* Converting to ConTeXt from other formats
@ 2002-07-01 15:41 Christopher Cardinale
2002-07-01 17:06 ` Henning Hraban Ramm
0 siblings, 1 reply; 2+ messages in thread
From: Christopher Cardinale @ 2002-07-01 15:41 UTC (permalink / raw)
Are there any programs for converting RTF or HTML documents into
ConTeXt?
Searching the newsgroup archives I saw that Tobias Burnus had created a
program to convert HTML to ConTeXt, but I can't find it anywhere nor
can I get in touch with him. Is this still around?

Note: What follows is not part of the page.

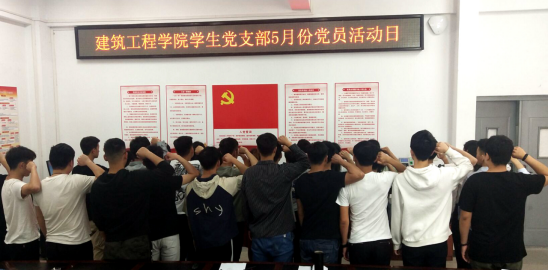 最后,与会全体学生党员在支部宣传委员杨靖同志的带领下,向着党旗庄严宣誓,立志永远听党话,跟党走。无论在何时、无论在何方,我心永远向党!

As a LaTeX user, I've had good success with RTF2LaTeX2e and I hope
there's an equivalent out there.
Thanks,
Chris Cardinale
__________________________________________________
Do You Yahoo!?
Yahoo! - Official partner of 2002 FIFA World Cup
http://fifaworldcup.yahoo.com
^ permalink raw reply [flat|nested] 2+ messages in thread
* Re: Converting to ConTeXt from other formats
2002-07-01 15:41 Converting to ConTeXt from other formats Christopher Cardinale
@ 2002-07-01 17:06 ` Henning Hraban Ramm
0 siblings, 0 replies; 2+ messages in thread
From: Henning Hraban Ramm @ 2002-07-01 17:06 UTC (permalink / raw)
[-- Attachment #1: Type: text/plain, Size: 279 bytes --]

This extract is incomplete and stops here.